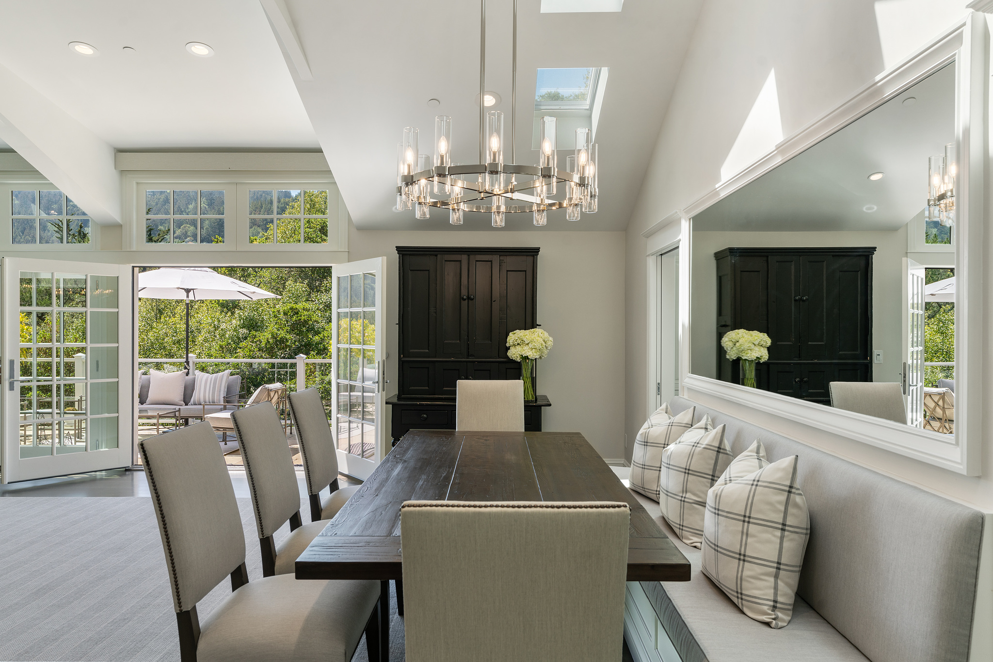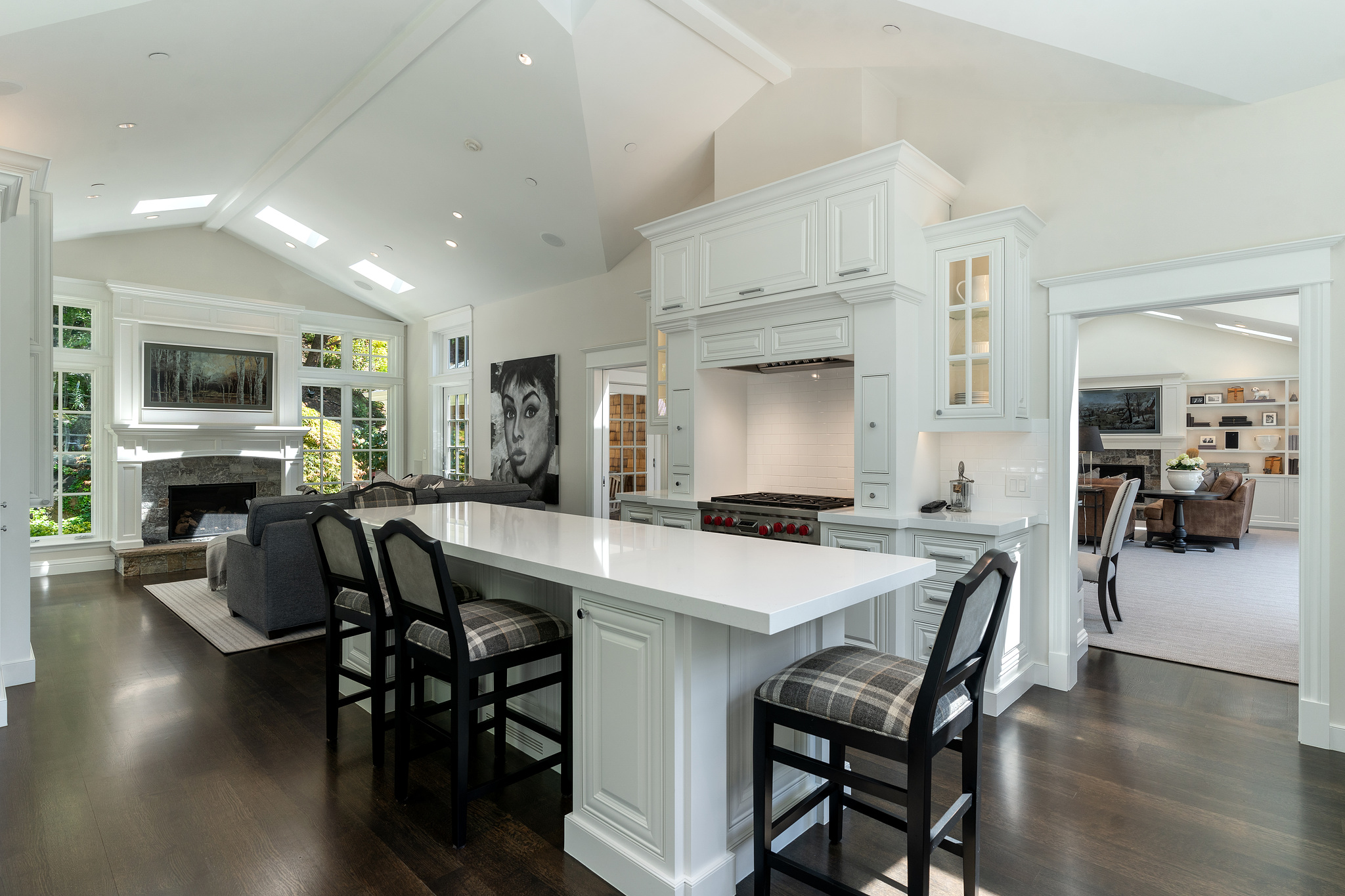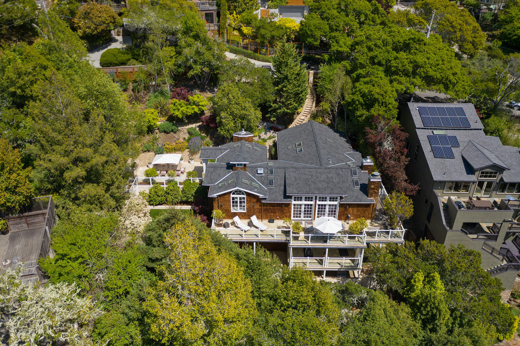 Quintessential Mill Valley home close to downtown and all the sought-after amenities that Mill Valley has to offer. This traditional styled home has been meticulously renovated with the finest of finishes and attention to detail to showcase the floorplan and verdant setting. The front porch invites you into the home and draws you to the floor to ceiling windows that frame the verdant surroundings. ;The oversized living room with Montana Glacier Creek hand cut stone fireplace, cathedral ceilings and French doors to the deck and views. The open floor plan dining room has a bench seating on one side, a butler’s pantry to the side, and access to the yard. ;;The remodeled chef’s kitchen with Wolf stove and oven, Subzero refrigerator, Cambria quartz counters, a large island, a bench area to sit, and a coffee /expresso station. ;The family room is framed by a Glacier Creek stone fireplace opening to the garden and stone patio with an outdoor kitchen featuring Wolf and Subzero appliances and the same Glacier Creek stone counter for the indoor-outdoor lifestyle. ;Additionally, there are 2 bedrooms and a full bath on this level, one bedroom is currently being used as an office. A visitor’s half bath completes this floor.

--

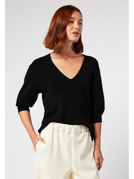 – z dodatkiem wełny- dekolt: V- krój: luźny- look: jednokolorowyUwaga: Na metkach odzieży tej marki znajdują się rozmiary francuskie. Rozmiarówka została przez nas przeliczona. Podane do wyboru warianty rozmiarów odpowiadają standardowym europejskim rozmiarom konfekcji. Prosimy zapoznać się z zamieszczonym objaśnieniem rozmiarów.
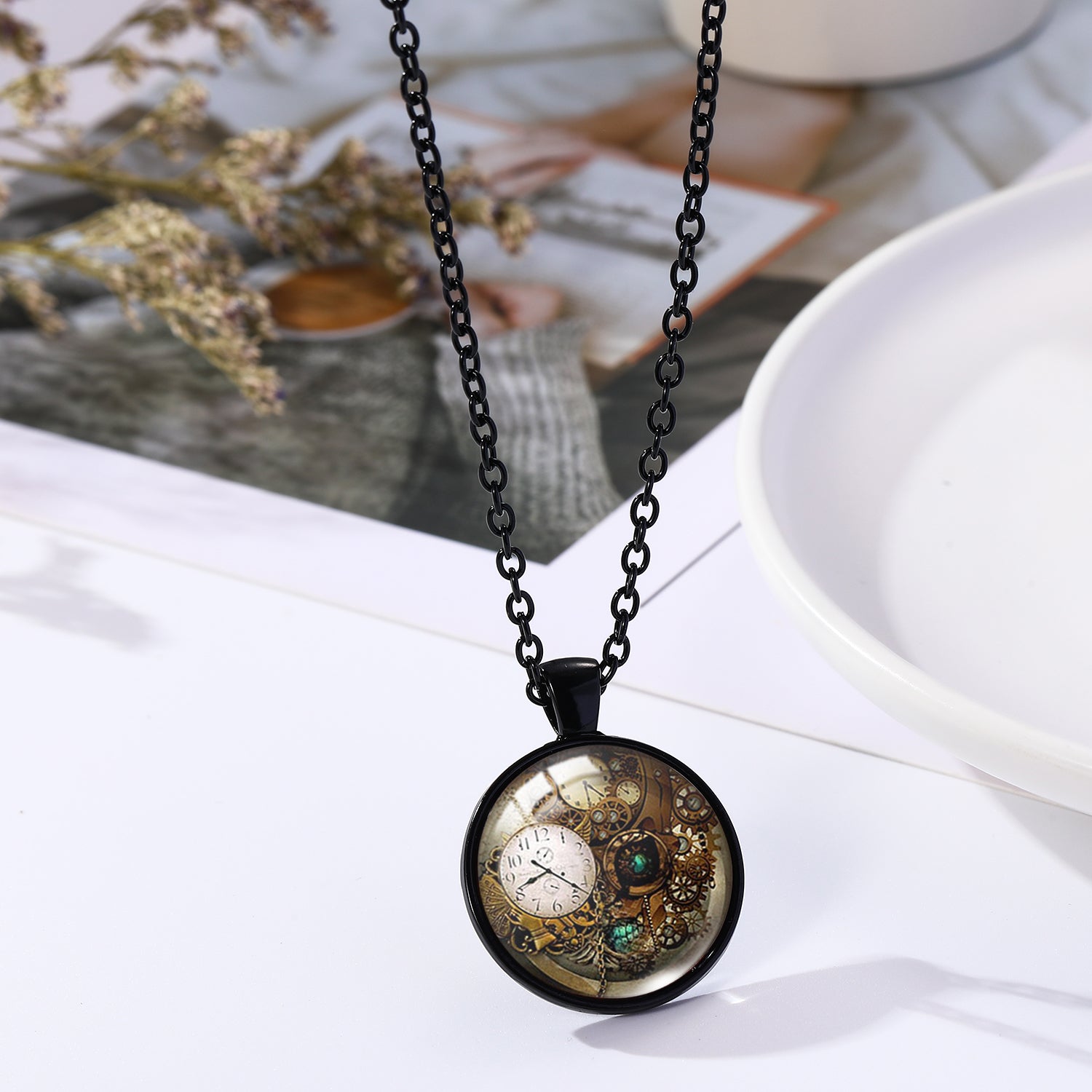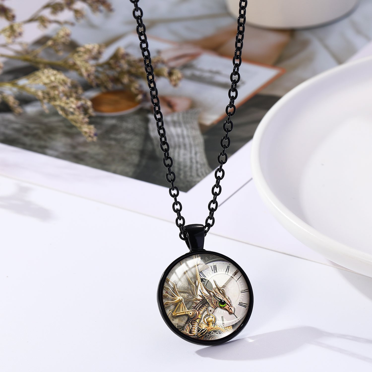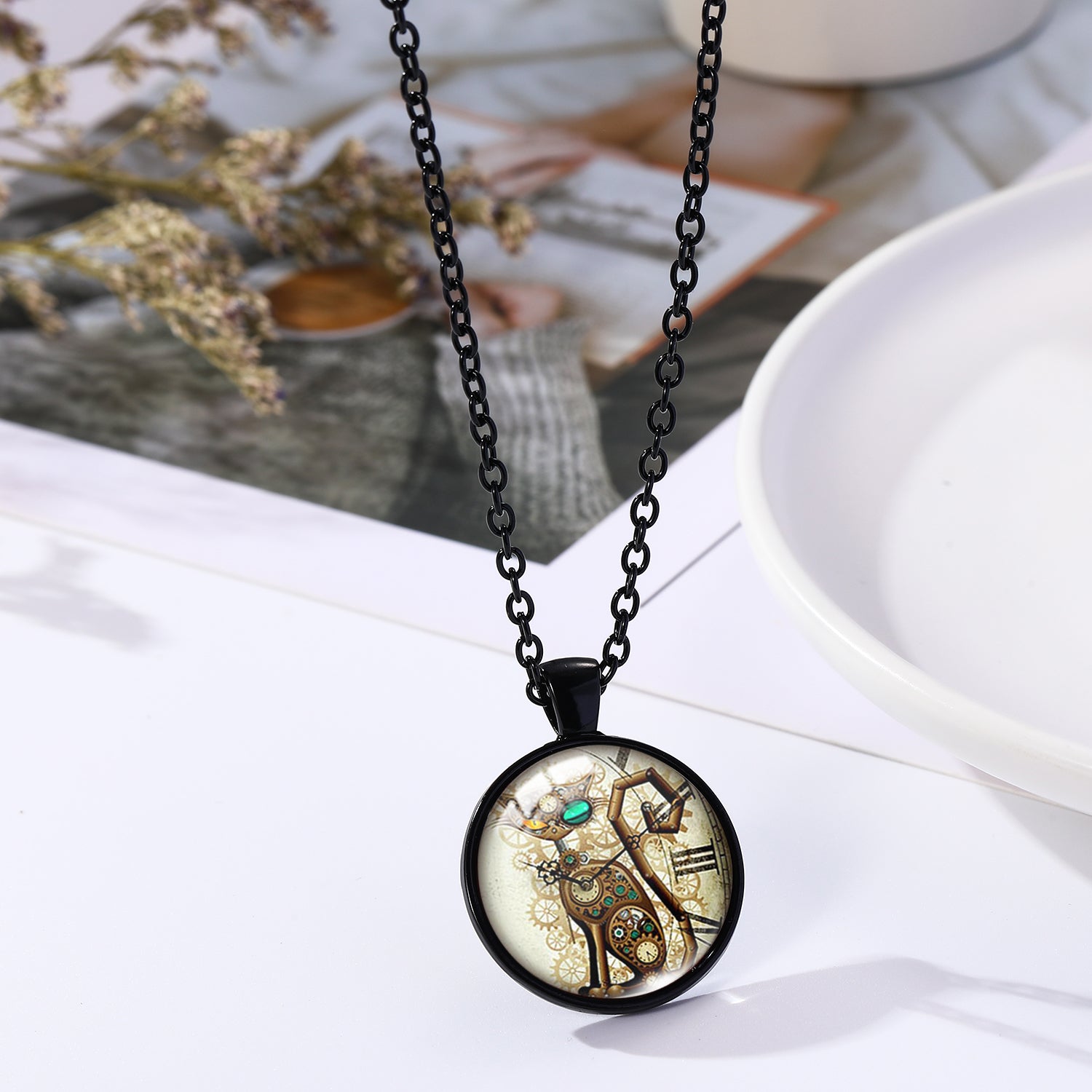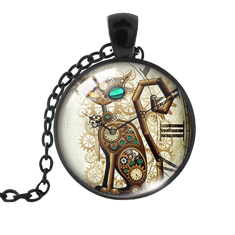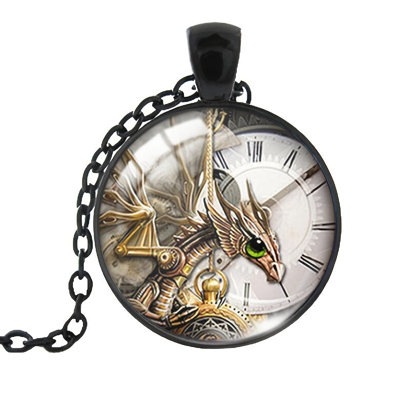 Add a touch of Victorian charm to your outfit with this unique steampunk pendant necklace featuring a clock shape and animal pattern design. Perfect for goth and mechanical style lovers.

* * *

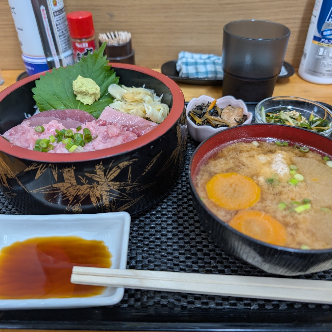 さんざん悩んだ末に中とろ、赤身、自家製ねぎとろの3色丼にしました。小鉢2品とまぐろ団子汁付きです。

Exercise objective – Would you transcribe the lines above exactly, going from the line bearing "zamieszczonym objaśnieniem rozmiarów." through the line bearing "Add a touch", and drop the pictures from the copy?

Response box –
 – z dodatkiem wełny- dekolt: V- krój: luźny- look: jednokolorowyUwaga: Na metkach odzieży tej marki znajdują się rozmiary francuskie. Rozmiarówka została przez nas przeliczona. Podane do wyboru warianty rozmiarów odpowiadają standardowym europejskim rozmiarom konfekcji. Prosimy zapoznać się z zamieszczonym objaśnieniem rozmiarów.
 Add a touch of Victorian charm to your outfit with this unique steampunk pendant necklace featuring a clock shape and animal pattern design. Perfect for goth and mechanical style lovers.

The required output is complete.